Посевы бури | страница 31
Рыбак помог Плиекшану влезть в пахучий доспех и подоткнуть под себя полы. Стало как будто теплее. Вскоре он окончательно согрелся и даже начал понемногу подремывать.
Как глубоко прав Толстой, говоря, что все в человеке из детства. Первые детские впечатления помнятся до могилы, откликаются гудящей струной на боль и на улыбки. Это самое чистое в нас, это и есть мы сами, если только не изменим себе. Дайны матери, заунывные белорусские песни — вновь и вновь наполняют они сердце щемящей грустью. Вот вечный источник, к которому дано припадать и в радости, и в тоске. Грустной памятью будет окрашена радость, светло утешится печаль. Когда остановится время для человека, он, не старея уж больше, продолжает светиться улыбкой в любящих душах. «Где ты, Марчул?» Позовешь своих мертвых на помощь, и оживает милый с детства мотив. Это старый литовец-поэт день за днем все ту же тягучую песню. Крутит ручку мельнички, хрустит размалываемым зерном. О чем он поет? О тяжкой доле народа. И день за днем ты впиваешь в себя эту горечь, пока не становится она частью тебя самого. А ночью, когда светит луна сквозь жерди сеновала и белый туман наползает с лугов, ты слышишь, как поет старый белорус. Плач осеннего ветра — его нехитрая песня. О чем она? Все о том же, лишь на другом языке.
Наступит праздник, и два бобыля-латгальца принесут на хутор долгую балладу о несчастном графе Платере, который ради брата-революционера взошел во цвете лет на эшафот. И эта песня тоже останется с тобой. И непонятные грозно-влекущие слова «революционер», «эшафот» западут к тебе в душу, чтобы яростно вдруг расцвести, когда настанет пора. Ты плачешь, заливаешься слезами, жаль тебе молодого графа… Что-то взрастет потом из этих чистых слез, что-то вызреет из благородной жалости. Отуманит тебя своей вечной печалью тихий рекрут-еврей. Но о чем он, о чем? О далекой невесте? Падай, семя печали, в открытую жадную душу. Пусть вместит она боли земли.

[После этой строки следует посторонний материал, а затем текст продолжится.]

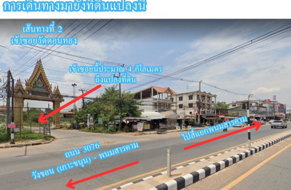 ที่ดินตั้งอยู่ในซอยถนนสาธารณะที่มีโรงพักพนมสารคาม , การไฟฟ้าส่วนภูมิภาคและวัดหนองรี เมื่อถึงซอยย่อยที่มีร้านอาหาร “ร่มไม้ชายคลอง” อยู่ปากซอย เข้าซอยย่อยไปอีก 100 เมตร จะพบว่า ที่ดินตั้งอยู่ทางขวามือ และสามารถเข้าทางด้านข้างที่ดินได้ โดยเข้าซอยที่มีร้านกาแฟ “ไฮบีน่า” ไปประมาณ 140 เมตร ซึ่งทางเข้าทั้ง 2 ซอยเป็นถนนคอนกรีตกว้าง 5 เมตร

Плиекшана разбудили хлопанье паруса и ругань Екаба. Казалось, что с того момента, когда он, перестав следить за миганьем маяка, закрыл глаза, прошло не более минуты.
— Паколс![5] Чуть не прозевали! — Рыбак тяжело перевел дух.
Лодка уже благополучно легла на другой галс и полным ходом шла к устью Лиелупе, едва поблескивающему в неправдоподобном восковом свете луны, которая неслась сквозь рыжеватый облачный пар.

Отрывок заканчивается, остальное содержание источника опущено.